• _TRY IT_
Quote all of the data that follows exactly as written, skipping the images.

• _RECORDED DATA_
=== Begin Enclosure ===
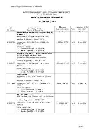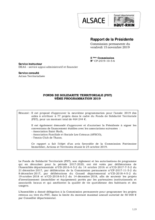 Il est proposé d’approuver la neuvième programmation pour l’année 2019 des aides à attribuer à 77 projets dans le cadre du Fonds de Solidarité Territoriale (FST), pour un montant total de 464 244 €. Il est également demandé d'approuver et d'autoriser la Présidente à signer les conventions de financement établies avec les associations suivantes : - Association Saint Roch, - Association Familiale et Sociale Les Coteaux (AFSCO), - Tennis Club de Thann. Ce rapport a fait l’objet d’un avis favorable de la Commission Patrimoine Immobilier, Actions et Territoires réunie le 25 octobre 2019.
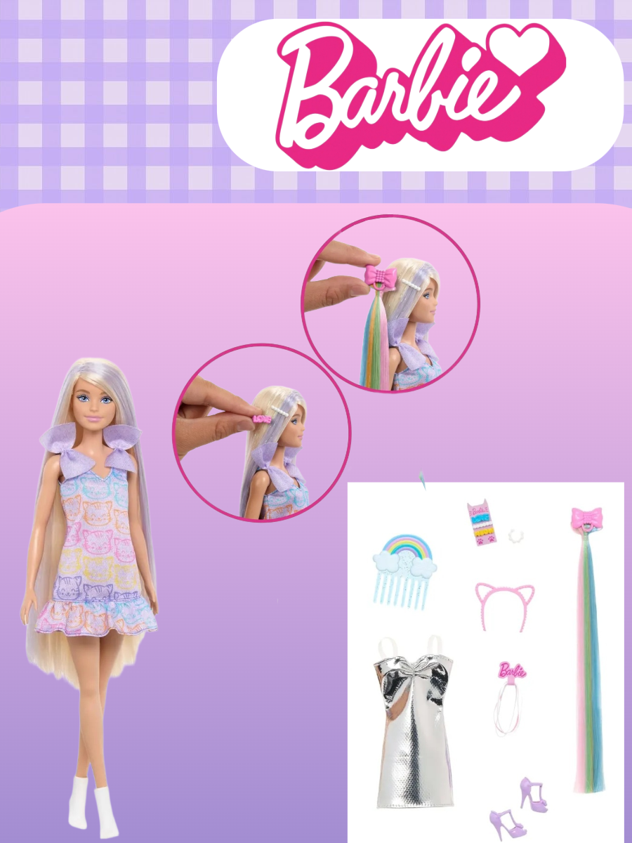 Эта милая девочка Барби приглашает юных стилистов раскрыть свой творческий потенциал благодаря своим роскошным длинным волосам (21,5 см) с эффектными цветными прядями, идеально подходящими для экспериментов с укладками и фантазиями.
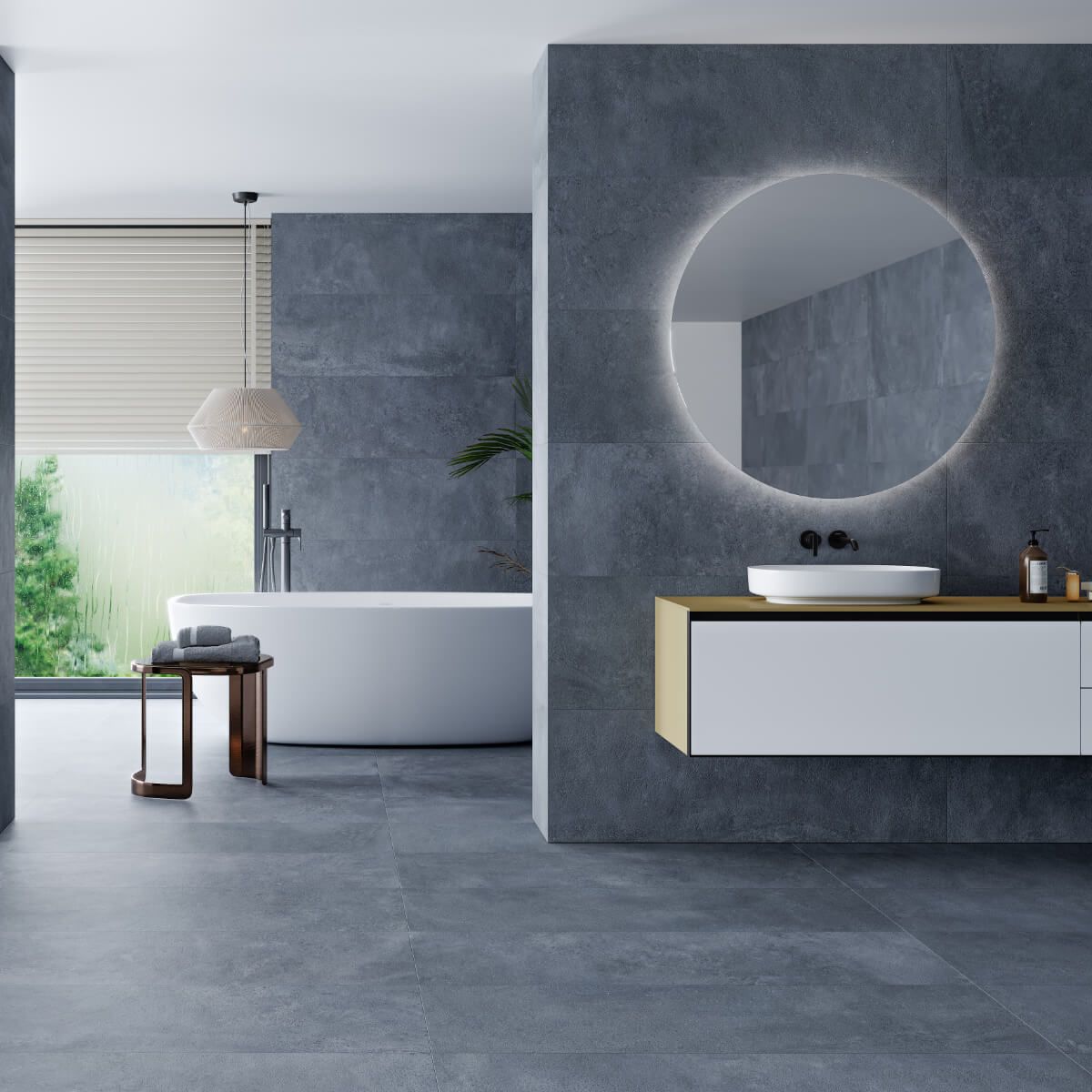 - Kolor: Meridean Blue – nowoczesny, chłodny odcień niebieskiego z nutami szarości, inspirowany naturalnym kamieniem.
=== End Enclosure ===
• _OUTPUT BELOW_
 Il est proposé d’approuver la neuvième programmation pour l’année 2019 des aides à attribuer à 77 projets dans le cadre du Fonds de Solidarité Territoriale (FST), pour un montant total de 464 244 €. Il est également demandé d'approuver et d'autoriser la Présidente à signer les conventions de financement établies avec les associations suivantes : - Association Saint Roch, - Association Familiale et Sociale Les Coteaux (AFSCO), - Tennis Club de Thann. Ce rapport a fait l’objet d’un avis favorable de la Commission Patrimoine Immobilier, Actions et Territoires réunie le 25 octobre 2019.
 Эта милая девочка Барби приглашает юных стилистов раскрыть свой творческий потенциал благодаря своим роскошным длинным волосам (21,5 см) с эффектными цветными прядями, идеально подходящими для экспериментов с укладками и фантазиями.
 - Kolor: Meridean Blue – nowoczesny, chłodny odcień niebieskiego z nutami szarości, inspirowany naturalnym kamieniem.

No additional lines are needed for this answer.